I can't look up to you anymore.
Can't talk to your face anymore.

But if we were thinking the same,
I can be sly,
Especially what I resolved back then.
But that was a while ago.
Not even two years have passed yet.
It keeps us up all night.
But my life changed,
When I met you.
And I might have told you everything,
Now I'll never get a chance for sure.

I'm thinking of going on acquaintance terms.
Not friends with you anymore.
But I deserve it.

I crossed a line.
I shouldn't but I can't even aware of it.
What I said, wasn't like me.
Please believe me.
I want to apologize,
But my lack of confidence to face you,
Is making this impossible.

Even before I asked you,
You gave me a hug.
Something special, that'll never happen again.
I regret both.
I wish I never met you.
Turning the tables on me.
But what can I do for my revenge?
Nothing, absolutely nothing.
The only other option is to not be friends at all.

But when I thought of the worst,
I thought you were immature.
I'm not being fair, no.
I crossed a line.
A line of privacy, solitude.
Then with my naive self,
I asked for a hug and your reply was no.
I'm so sorry.

I think:
Oh, my life, and why it stayed this way?
How has it become this?
What went over me?
What was I thinking?
I never feel like myself anymore.
My energy drains,
Especially the next day,
Aftermath of something heartbreaking happening.

It's not a lie.
We must face the truth.
My freedom fantasy,
Won't feel the same further on.
Nothing will.
My mind blank and exhausted, fatigued.

The promise I made with you?
It was all a plastic, weak attempt,
Just to end up as preposterous, pretentious,
All in the long run?
You may not see it that way.
I wish that day in the heavy rain,
I could've walked slower.
But I have to go home.
What would I have known then?

I again understand, the saying
"Sorry can't save me now",
All at another perspective.
Today it really cant.
But this is all my fault.
But these emotions are extensive, endless.
I guess me saying we're no good for each other is true.
But it's all becoming worse.
This is only going to hurt if you tolerate it.

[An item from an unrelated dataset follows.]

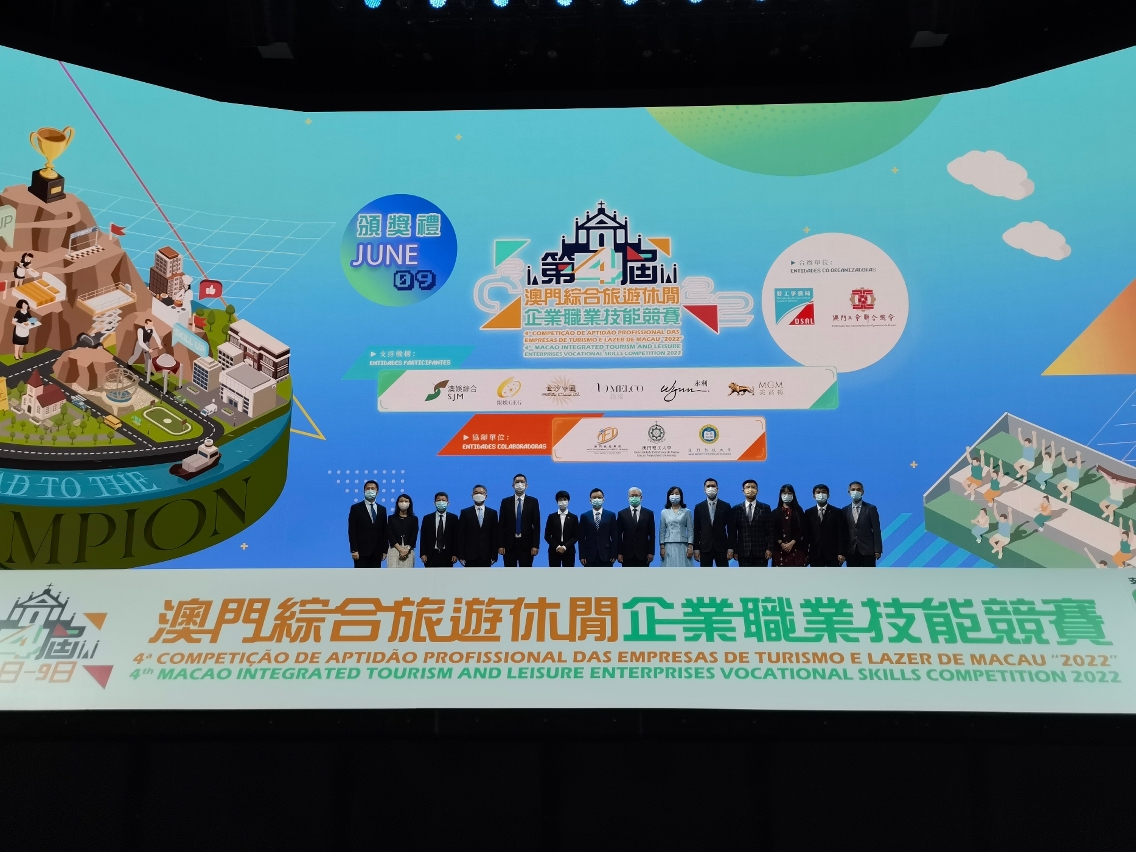 Concluiu com enorme sucesso a Quarta Competição de Aptidão Profissional das Empresas de Turismo e Lazer de Macau de 2022 organizada pela Direcção dos Serviços para os Assuntos Laborais (DSAL) em colaboração com a Federação das Associação dos Operários de Macau (FAOM), tendo a cerimónia de entrega de prémios realizada ontem no MGM Theater atribuindo os respectivos prémios aos concorrentes que obtiveram resultados excelentes.

But I did something I shouldn't.
I crossed an important boundary.
Nothing is something satisfactory,
Than not developing our relationship reasonably better.
Like saying our goodbyes.
But that day was not conclusive.

Then I guess you're right,
" Let's just leave it in the past".
We must let each other go.
You already did, I need to now.
We have to let this day go you know.
And there's no lie between us,
Of something usual, heartbreak.
Especially if it end back to you.

Even if life subtly tells us,
The real truth clenches the barrier,
Then forces me to let go.
As it forces, you le me go in the worst way.
Now I have to go, so do you.
Then I'm all alone in my mind again.
But I ain't even holding a lie.

I can never, now.
But this might not be our last.
So goodbye, I love you.
(Do you forgive me?)

12.7.19. . 4.22.20.

"It was a plastic, weak attempt, to end up preposterous, pretentious" - it was a preposterous attempt to win his heart. I think he saw it as pretentious, and I saw it as preposterous. But that was only the day I messed up.

Credit to Billie Eilish "Sorry can't save me now". This line inspired me to elaborate and connect it with my personal experiences.